I never thought I'd be writing this so early in the process, still three-plus months away from the first votes being cast, but ... Jeb Bush is toast.

And not just toast, but burnt toast. Black-charred toast that has been sitting in the toaster so long it has gotten cold and brittle, so that no amount of butter or jam can render it edible.

I don't say that to be mean. It's simply true. He's at 5 percent in the most recent Iowa poll. He was never expected to do great there, but 5 percent? In supposedly more friendly New Hampshire, after a month of TV advertising, he's at 9 percent. In his home state of Florida he's also at 9 percent. Those are the voters who know him best, and his eight-year tenure as Florida governor was supposed to serve as his national sales model for competent, conservative governance. Yet even among the home folk he's pulling less than half the support of Donald Trump and Ben Carson and is six points behind former protege Marco Rubio.

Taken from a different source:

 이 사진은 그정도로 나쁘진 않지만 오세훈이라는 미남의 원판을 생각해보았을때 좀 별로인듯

Bad as they are, those numbers by themselves do not doom his campaign. It's rare, but other candidates have survived numbers that poor by making the necessary adjustments and turning things around. Hoping to pull off a similar miracle,  the Bush campaign last week announced layoffs, cutbacks and changes in strategy, and over the weekend Bush donors and longtime family supporters gathered in Houston in preparation for making a fresh start.

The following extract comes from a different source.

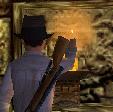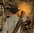 den Revolver und geh in den Raum. Hier haust ein Jaguar. Feuere ein

The problem is that Jeb has no real room to grow. Maybe I'll be proved wrong about this, but I look at the GOP landscape and ask myself: "Where's he going to get more votes? Where's the untapped reservoir of support that he needs to turn this around?" After poring over polling results and crosstabs in the last few weeks, I can't find even a hint of it.

In Iowa, for example, those wanting Jeb to drop out of the race altogether outnumber those who support him by a four-to-one ratio. And in a new AP national poll released today, 77 percent of Republican primary voters say they prefer a nominee from outside the system; just 22 percent want someone who knows Washington and can get things done in the current system.  Jeb has tried mightily to align himself with that 77 percent, but someone with the last name of Bush simply cannot pose as an outsider with any degree of credibility, even at Halloween.

I can't help but feel a small twinge of sympathy, though. When a supposedly front-running candidacy implodes, you can usually blame serious mistakes in strategy, organization or implementation. That hasn't been the case with Bush. His people have run a highly professional, competent campaign, but he has run into two immutable truths beyond his control:

  1. He cannot change his basic nature. "It took me 62 years to be who I am, and it's impossible to play like I'm someone who I'm not," as he put it recently. "I'm going to be who I am." That's fine, but ...
  2. He also cannot change the angry, resentful nature of the 2016 Republican electorate. It too is pretty much set in stone, and what it demands from its nominee, an earnest, introverted Bush cannot credibly provide.

So ... toast.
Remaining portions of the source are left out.